### DATASET ENTRIES
=======
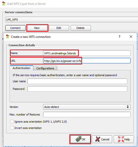 í QGIS valið í tólastikunni til vinstri og við það opnast Add WFS Layer from a Server valmynd. Eins og í tilfelli WMS og WMTS er New valið, við það opnast nýr valmynd Create new WFS connection. Nú þarf að setja inn nafn að eigin vali undir Name og URL þjónustunnar er slegið inn, til þess að loka glugganum er Ok valið.
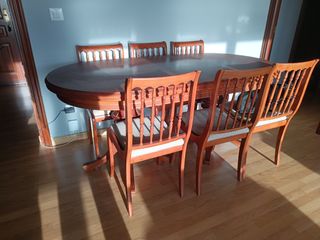 Conjunto de mesa de comedor de madera maciza y seis sillas a juego. La mesa es extensible (1 m) Las sillas tienen asientos acolchados con un delicado ribete. Muebles clásicos en color marrón, ideales para un salón elegante. El precio es por la mesa con las sillas, se puede vender individual,la mesa sola 60 euros y cada silla 10
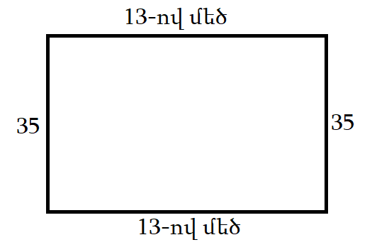 1․Ուղղանկյան մի կողմը 35 սմ է, իսկ մյուս կողմը 13 սմ-ով մեծ է: Հաշվիր ուղղանկյան պարագիծը:
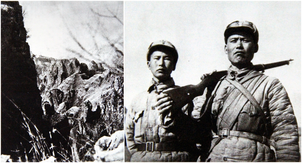 左图是“狼牙山五壮士”跳崖处。右图是幸存者葛振林(右)和宋学义。 新华社发
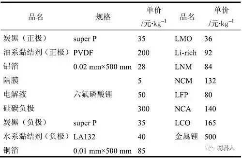 依據(jù)現(xiàn)有產(chǎn)業(yè)化的電芯組成和工藝條件,可以大致推算出不同電池電芯原材料成本價(jià)格,所用原材料的成本參見表9。
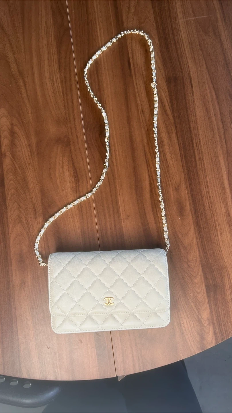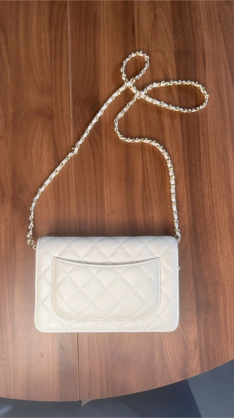 This is a Chanel wallet on chain bag. It's made of caviar leather and features a gold-tone chain strap. The interior has multiple card slots and a zippered compartment.
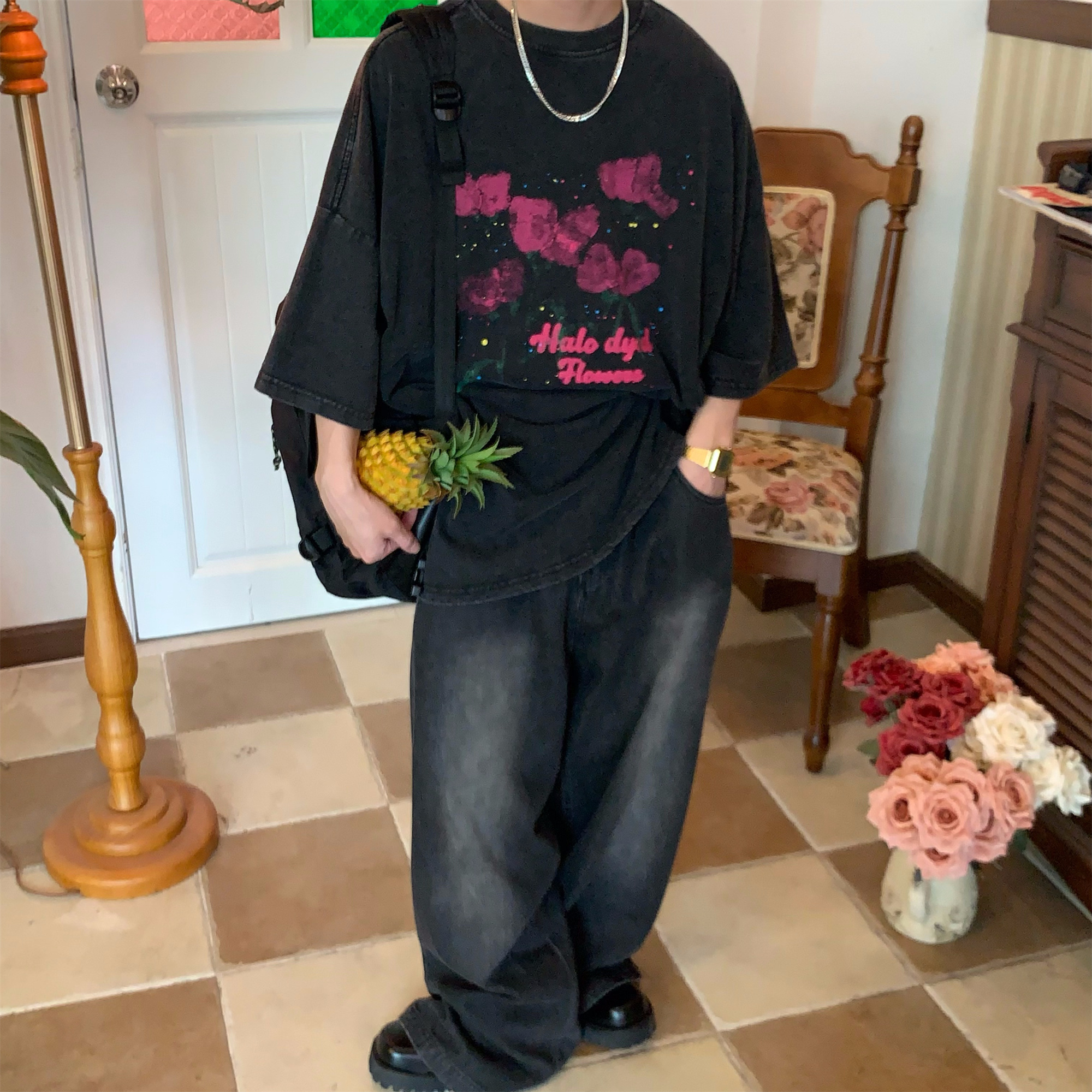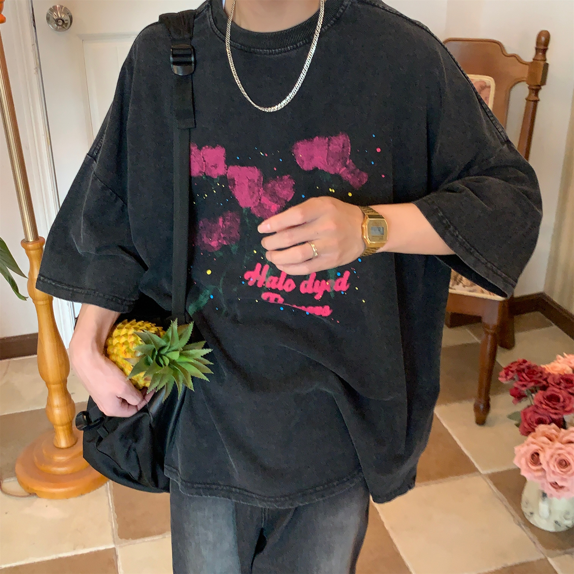 Concert Outfit Vintage Wash Dream Print Short Sleeve T- shirt Couples Unisex Summer Tee, Y2K Top
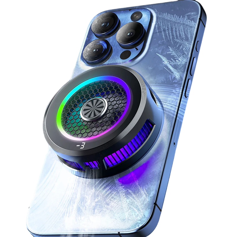 Arrefecedor de telefone potente com 3 modos, luzes RGB e gerador de gelo que refrigera rapidamente o dispositivo durante jogos, trabalho ou entretenimento. Descrição completa
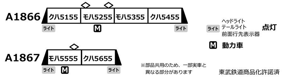 ●考慮到聯結運轉,A1867(2輛套裝)中的動力車台車設定為無橡膠輪胎配置
=======
### REQUIRED ACTION
Although the records include pictures, output only their text, exactly and completely.

### WRITTEN SOLUTION
 í QGIS valið í tólastikunni til vinstri og við það opnast Add WFS Layer from a Server valmynd. Eins og í tilfelli WMS og WMTS er New valið, við það opnast nýr valmynd Create new WFS connection. Nú þarf að setja inn nafn að eigin vali undir Name og URL þjónustunnar er slegið inn, til þess að loka glugganum er Ok valið.
 Conjunto de mesa de comedor de madera maciza y seis sillas a juego. La mesa es extensible (1 m) Las sillas tienen asientos acolchados con un delicado ribete. Muebles clásicos en color marrón, ideales para un salón elegante. El precio es por la mesa con las sillas, se puede vender individual,la mesa sola 60 euros y cada silla 10
 1․Ուղղանկյան մի կողմը 35 սմ է, իսկ մյուս կողմը 13 սմ-ով մեծ է: Հաշվիր ուղղանկյան պարագիծը:
 左图是“狼牙山五壮士”跳崖处。右图是幸存者葛振林(右)和宋学义。 新华社发
 依據(jù)現(xiàn)有產(chǎn)業(yè)化的電芯組成和工藝條件,可以大致推算出不同電池電芯原材料成本價(jià)格,所用原材料的成本參見表9。
 This is a Chanel wallet on chain bag. It's made of caviar leather and features a gold-tone chain strap. The interior has multiple card slots and a zippered compartment.
 Concert Outfit Vintage Wash Dream Print Short Sleeve T- shirt Couples Unisex Summer Tee, Y2K Top
 Arrefecedor de telefone potente com 3 modos, luzes RGB e gerador de gelo que refrigera rapidamente o dispositivo durante jogos, trabalho ou entretenimento. Descrição completa
 ●考慮到聯結運轉,A1867(2輛套裝)中的動力車台車設定為無橡膠輪胎配置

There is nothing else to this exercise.